OpEd, Politics

How the dead were culturally mourned for in the past, compared to present

In the olden days, when a person died, people from the neighbourhood used to come to console the relatives of the deceased.

As they consoled the deceased’s relatives, some people could be digging the grave. Culturally, it is a relative who commences digging the grave, then those from afar dig it to the end.

In the end, one side of the grave is dug deeper. This is called “Awër-lääd in Dinka language. This is where the deceased is laid in. After the deceased is laid to rest, women from the village could start arriving with food for the mourners. In the past, not very many people could eat at the funeral. No alcohol was brought for mourners even if the deceased was a nonagenarian. It was considered an abomination to be high while at the funeral.

The deceased’s relatives could slaughter a cow or goat as a farewell ritual for the deceased. For a number of days, the deceased’s relatives were accompanied so as not to think too much about the lost one. Depending on the importance of the deceased, there was always a period given to mourn for the deceased. During such a period, activities which could generate euphoria were put on hold.

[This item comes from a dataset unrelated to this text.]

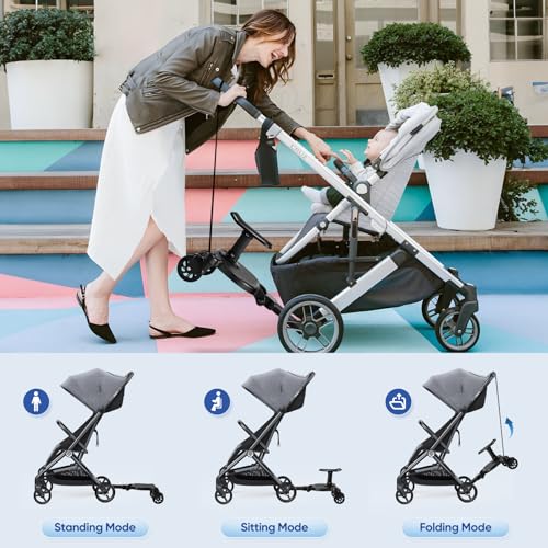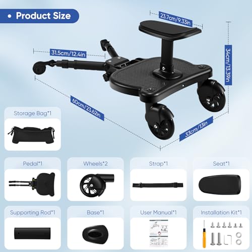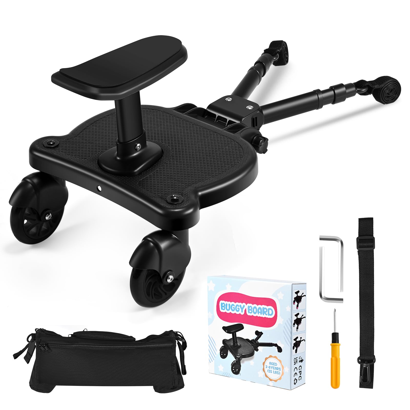 - 【2-in-1 Universal Buggy Board】Mount this buggy board with seat to a pushchair so that tired toddlers can sit or stand on it. With adjustable fastening straps our stroller board can be effortlessly connected to most strollers in a few seconds, such as lightweight strollers, three wheelers and umbrella strollers.

If the deceased was a warrior, spearman, youth, rich man or chief, practices such a dancing, festival, wrestling and waging of a battle against other communities could be halted for a number of months. You could only hear the sounds of children in the village. Adults’ sounds were nowhere to be heard as they mourned for the deceased. If the deceased died during the cultivation season, people could collect the produce during the harvest festival and give them to the deceased’s family because the tragedy did not allow them to cultivate. So, you could find that there was love among the people.

But today, when someone dies, it is an opportunity for starving people to break their starvation and people who have swallowed multivitamins to quench their urge for food. People assemble in the deceased’s house as if mourning for the dead, but they are not. Some mourners come with spoons in their pockets. As people are crying here and there, music is playing in the neighbouring houses.

If the deceased’s relatives delay preparing tea and escorts for mourners, some people would be heard gossiping to such a level they can brand the deceased’s family as poor. Mourners arrive from hither and thither, with some of them refusing to sit on plastic chairs, wanting the deceased’s family to abandon weeping and look for executive chairs. Some mourners could argue over the bodybuild of a cow being slaughtered by the deceased’s relatives. They need the fat one so that they can bite the meat with ease.

Some mourners could gossip too much when the grave is not built with bricks and tiles. Some would jeer and spit saliva anyhow if the coffin is not that type with golden handles. If the deceased’s body is to be transported, some mourners would develop stomachaches if they don’t see three planes chartered by the deceased’s family. After the deceased is laid to rest, people begin counting the days for the funeral rite. When it has remained two weeks, it is they who inform the deceased’s family, imagine.

They do not pay anything, but they want the funeral rite to be so colourful. During the funeral, they eat food, drink alcohol and speak as if they are speaking in a Thanksgiving ceremony. Some even sing their own songs. Then people could clap their hands and laugh to such an extent their molars are seen. How would people laugh when a photo labelled “RIP…………” is hung on them? This is beyond wickedness.

As some mourners come to shed crocodile tears, others come to collect information about the death of the deceased. A lot of rubbish is done right before the deceased is laid to rest, which I think is against the traditions. In a few years to come, mourners would be hired to cry while the deceased’s relatives get busy attending to mourners who come to shed crocodile tears.

Thanks for reading “Sowing The Seed Of Truth”.